*** Block opens ***

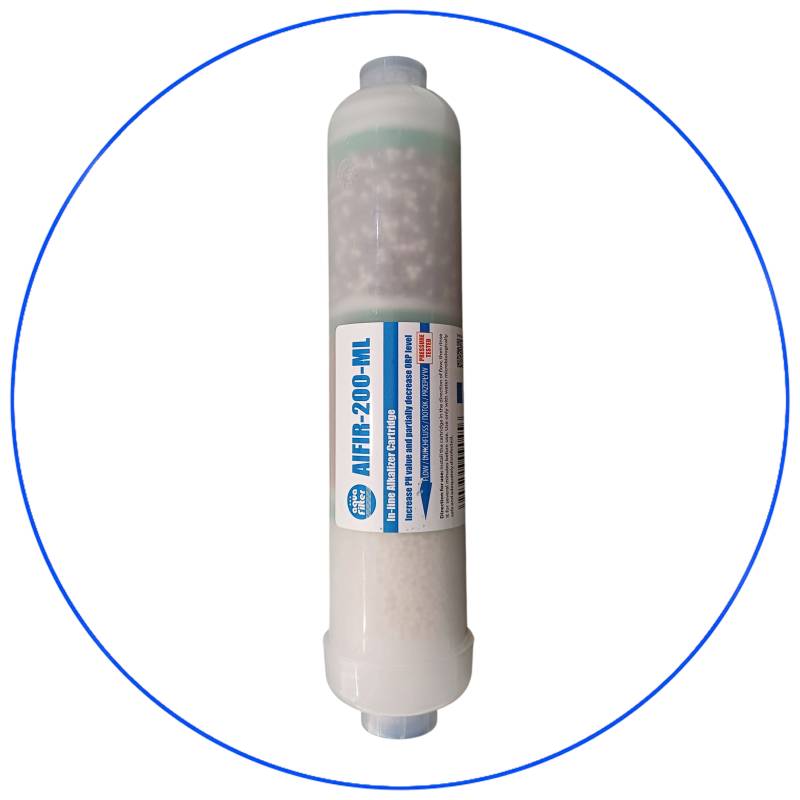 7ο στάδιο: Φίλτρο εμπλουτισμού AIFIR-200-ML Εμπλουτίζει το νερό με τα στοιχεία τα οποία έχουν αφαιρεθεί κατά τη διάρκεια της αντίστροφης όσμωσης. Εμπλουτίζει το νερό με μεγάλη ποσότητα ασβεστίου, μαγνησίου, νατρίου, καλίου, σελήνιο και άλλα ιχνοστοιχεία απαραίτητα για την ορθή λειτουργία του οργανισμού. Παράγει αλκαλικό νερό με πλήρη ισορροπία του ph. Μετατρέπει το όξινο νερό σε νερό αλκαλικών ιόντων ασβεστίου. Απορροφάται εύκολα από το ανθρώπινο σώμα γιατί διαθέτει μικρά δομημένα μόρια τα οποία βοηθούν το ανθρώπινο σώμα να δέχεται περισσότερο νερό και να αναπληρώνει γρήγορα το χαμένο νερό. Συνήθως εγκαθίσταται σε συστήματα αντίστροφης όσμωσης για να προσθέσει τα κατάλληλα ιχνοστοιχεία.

*** Block closes ***
*** Block opens ***

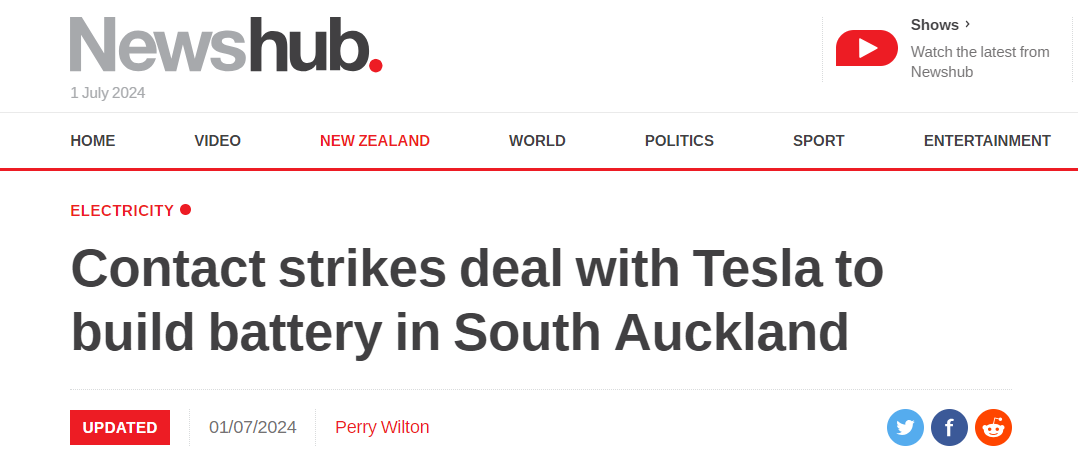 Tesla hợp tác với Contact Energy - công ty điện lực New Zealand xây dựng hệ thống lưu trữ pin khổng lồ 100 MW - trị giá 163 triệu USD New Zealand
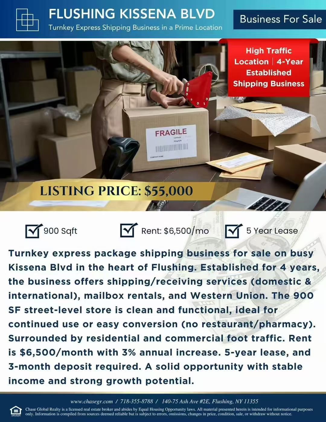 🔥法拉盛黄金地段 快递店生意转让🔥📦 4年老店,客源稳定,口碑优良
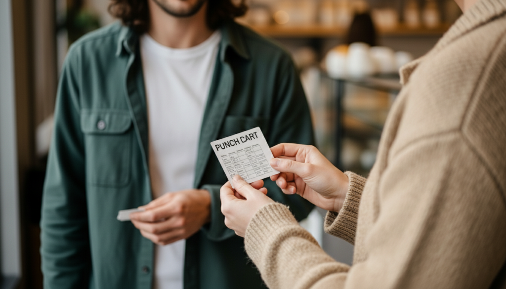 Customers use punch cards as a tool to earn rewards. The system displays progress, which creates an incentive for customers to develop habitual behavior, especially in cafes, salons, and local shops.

*** Block closes ***

Task description
Both boundary lines included, write out word for word only the lines above from the one containing "Tesla hợp tác" to the one containing "Customers use punch", leaving out any pictures.

Answer space
 Tesla hợp tác với Contact Energy - công ty điện lực New Zealand xây dựng hệ thống lưu trữ pin khổng lồ 100 MW - trị giá 163 triệu USD New Zealand
 🔥法拉盛黄金地段 快递店生意转让🔥📦 4年老店,客源稳定,口碑优良
 Customers use punch cards as a tool to earn rewards. The system displays progress, which creates an incentive for customers to develop habitual behavior, especially in cafes, salons, and local shops.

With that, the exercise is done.